Are you considering walking away from your mortgage? If so, I wrote an article a little while back titled “The Pros and Cons of Walking Away from your Mortgage.” The article looks at 10 different considerations for walking away — five for and five against.
Two reasons borrowers walk away
You’re underwater: The number one reason borrowers strategically default on their mortgage is because they are underwater. Given the substantial drop in home prices over the last few years, an estimated 25% of all homeowners have negative equity in their homes. According to a recent Federal Reserve study, “the median borrower does not strategically default until equity falls to -62 percent of their home’s value” (e.g. your home is worth $124,000 and the mortgage outstanding is $200,000). Given how far some borrowers’ equity has fallen, the underwater problem will be with us for years to come. Recently HSH.com ran some numbers and determined that a significant portion of borrowers wouldn’t even reach 0% equity until 2015.

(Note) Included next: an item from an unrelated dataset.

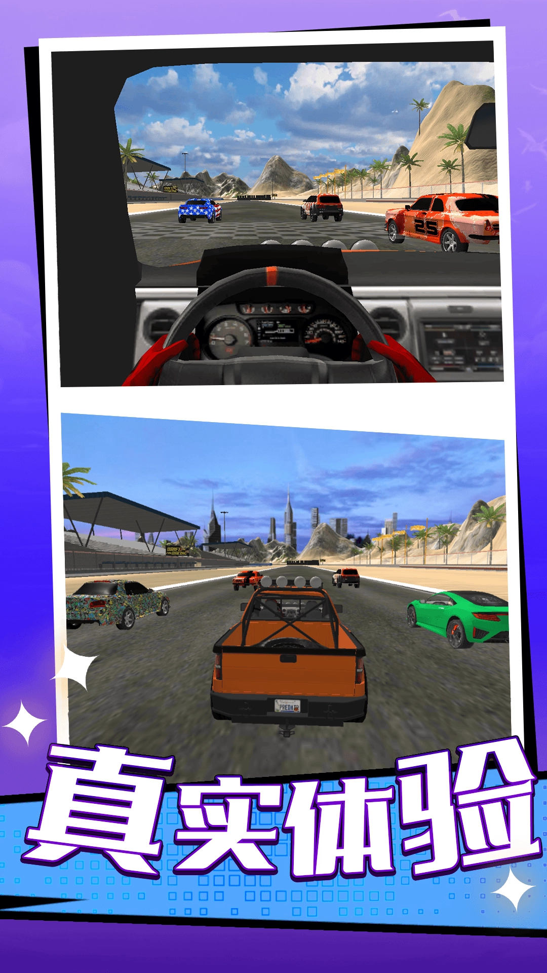 1、构建高度还原的驾驶场景,包含城市街道等多种赛道类型,场景细节饱满,结合真实的物理碰撞机制,体验沉浸式的赛车环境。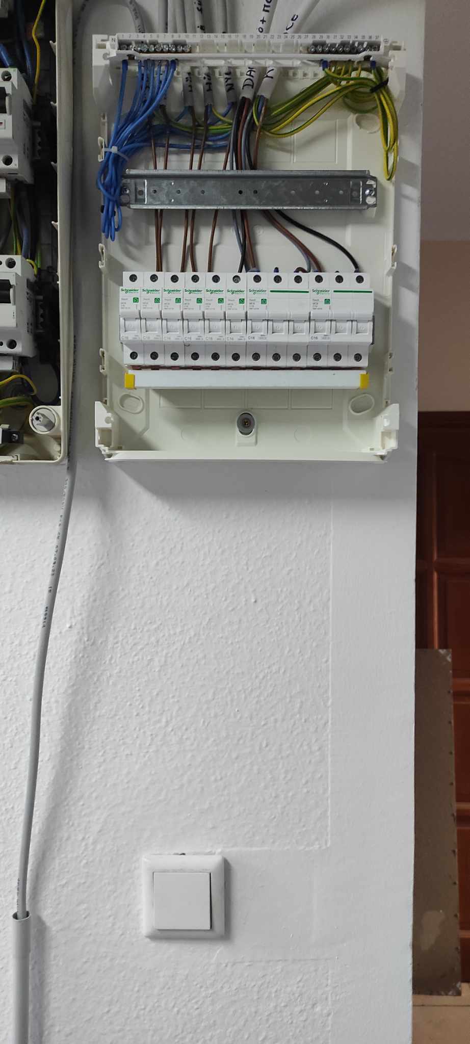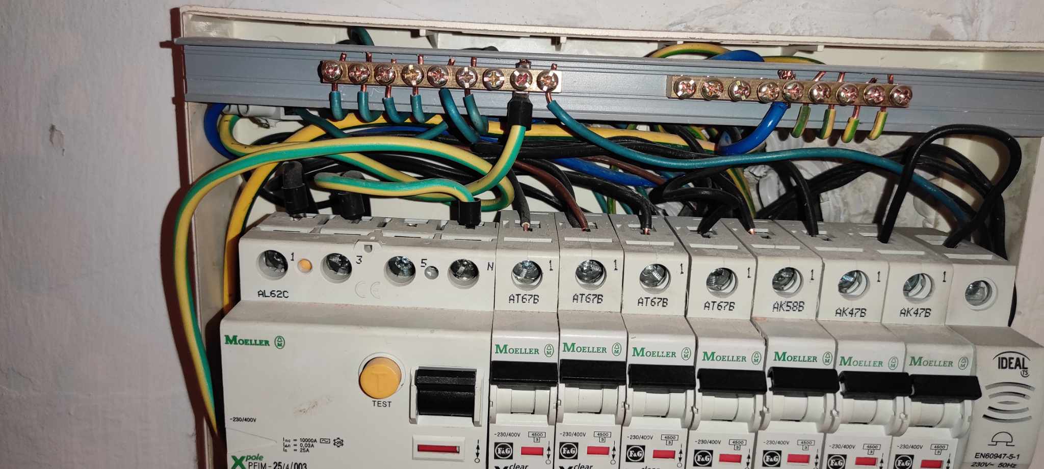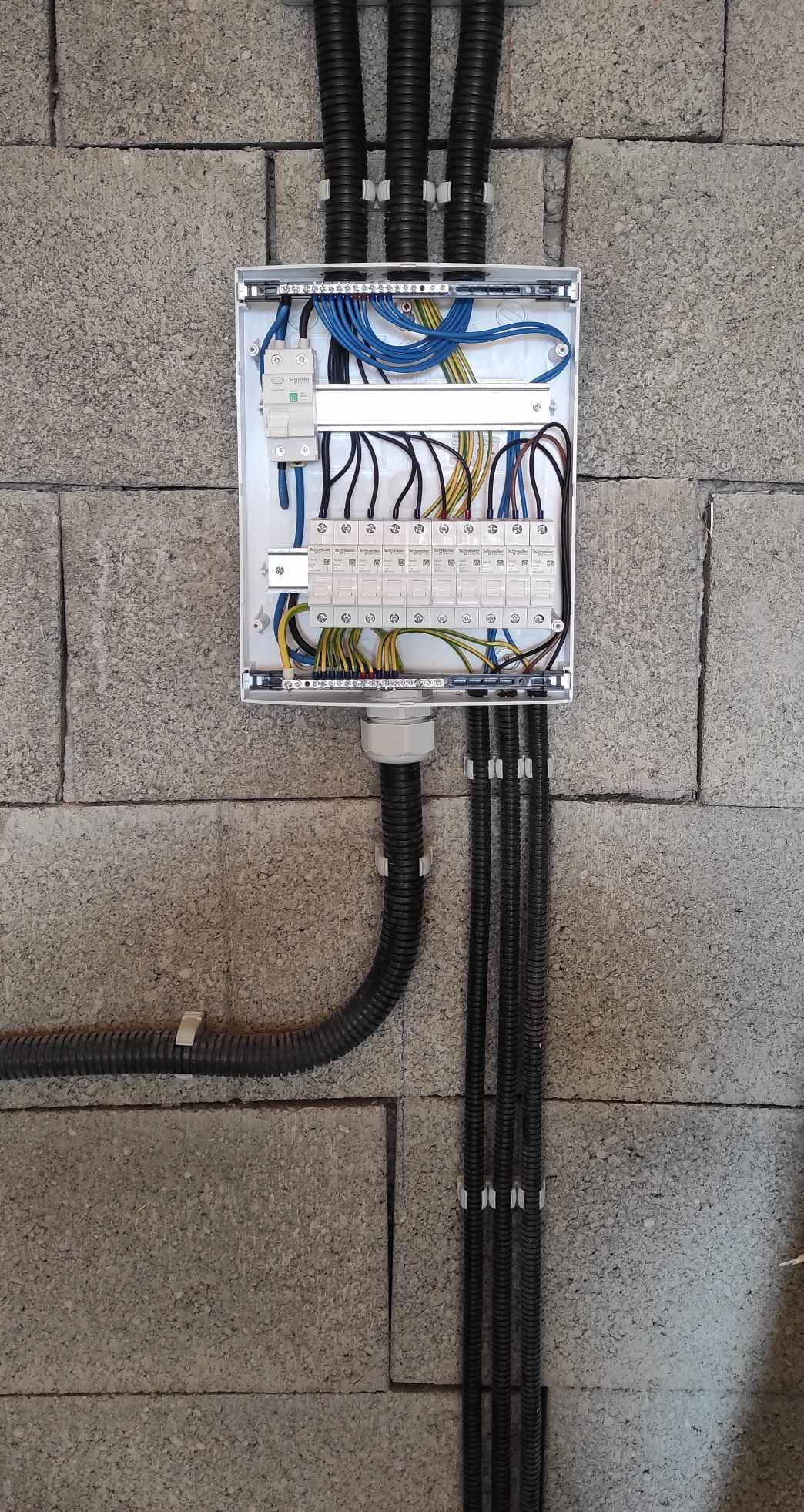 Átvették, de a komplett házat újravezetékeljük a 2. lépésben. Ekkor kerül be a földelés is a házba, és így fi-relét is felszerelünk.

The same home, or more, for less: While many homeowners may struggle with the moral dilemma of not paying their debt, walking away from your mortgage is a business decision. Whether you decide to walk away from your mortgage or refinance your mortgage, the ultimate goal is to significantly change your financial situation. According to the Wall Street Journal, some borrowers have successfully been able to walk away from underwater homes and rent similar properties in the same area for half the cost of their mortgage. The decision to walk away is all that much easier when you can keep your surroundings, lifestyles and neighborhoods intact and find a house that meets all of your needs for far less money each month.
Two reasons borrowers shouldn’t walk away
You’ll kill your credit: Walking away from your mortgage is one of the quickest and easiest ways to kill your credit score. Money Magazine says a borrower with a credit score of 780 who decides to walk away will see their score drop by up to 150 points. Given the widespread use of credit scores today, a drop in your credit score could prevent you from getting a new job, renting an apartment and will increase your interest costs now and well into the future.
You can’t own again for years: Strategic or not, if you default on your mortgage it will take years before you can get another mortgage. Foreclosed borrowers can expect to wait anywhere between two and five years before they are eligible to get a new mortgage. Borrowers who voluntarily walk away may have to wait twice as long. Fannie Mae recently announced their plans to lock strategic defaulters out of new loans for seven years! However, in an attempt to encourage borrowers to work with their lenders to produce less-costly outcomes, as of July 1, 2010, Fannie Mae cut in half the amount of time short sellers have to wait to become owners again. Borrowers who sell their homes via a short sale will only have to wait two years.